### [The task]
Beginning with the line where "うすいファームでは11月1日" appears, restate each line word for word until the data ends. Pictures do not go in.

╭──

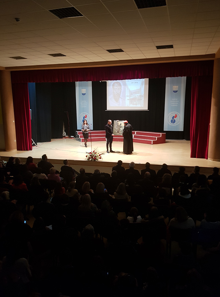 Pri kraju programa dugogodišnji djelatnici zeničkoga KŠC-a koji odlaze u mirovinu: domar Vlado Jonjić i kuharica Reza Krišto koja je vodila školsku kuhinju, prigodne zahvale dobili su iz ruke Vinka kard. Puljića.
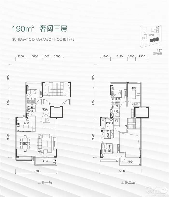 190平方米的复式住宅被设计成“3+1”房,其中主卧位于二层,上下两层各带有一个观景阳台,生活起居可谓是宽松舒适。
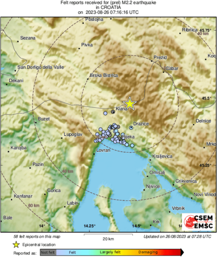 #Earthquake 17 km N of #Rijeka (#Croatia) 20 min ago (local time 20:44:05). Updated map - Colored dots represent local shaking & damage level reported by eyewitnesses. Share your experience via:
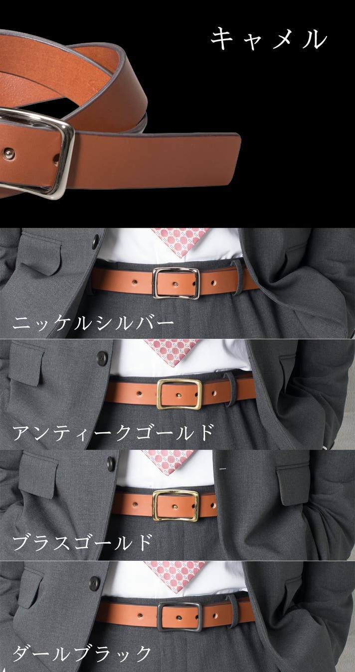 数値はあくまでも直線でのサイズとなり、実際にウエストに巻く際は革の厚みの分若干の差異が出るかと思います。
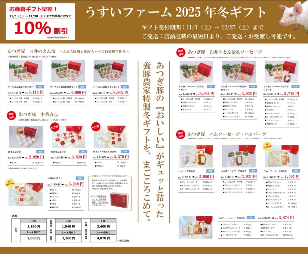 うすいファームでは11月1日(土)より、店頭にてあつぎ豚特製冬ギフトのご注文受付を開始いたします。
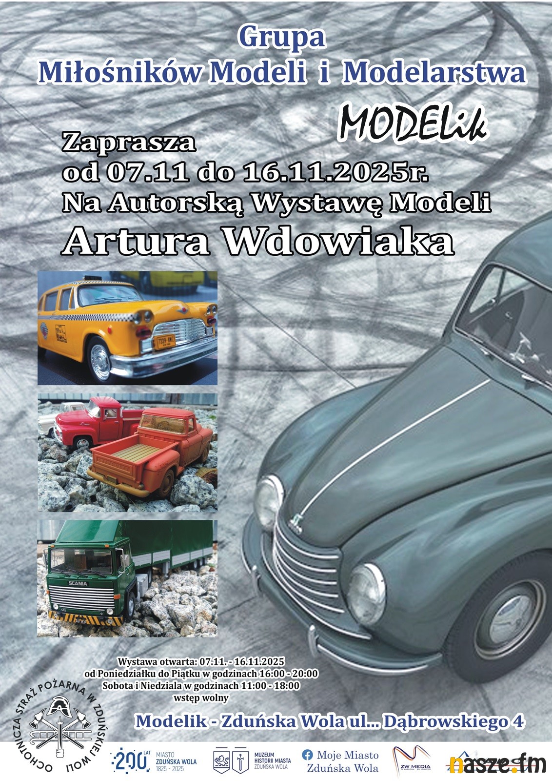 Działająca w Zduńskiej Woli Grupa Miłośników Modeli i Modelarstwa "Modelik" zaprasza na kolejną wystawę. Od jutra, 7 listopada, w siedzibie Ochotniej Straży Pożarnej w tym mieście będzie można oglądać modele pojazdów Artura Wdowiaka.

╰──

### [Exercise response]
 うすいファームでは11月1日(土)より、店頭にてあつぎ豚特製冬ギフトのご注文受付を開始いたします。
 Działająca w Zduńskiej Woli Grupa Miłośników Modeli i Modelarstwa "Modelik" zaprasza na kolejną wystawę. Od jutra, 7 listopada, w siedzibie Ochotniej Straży Pożarnej w tym mieście będzie można oglądać modele pojazdów Artura Wdowiaka.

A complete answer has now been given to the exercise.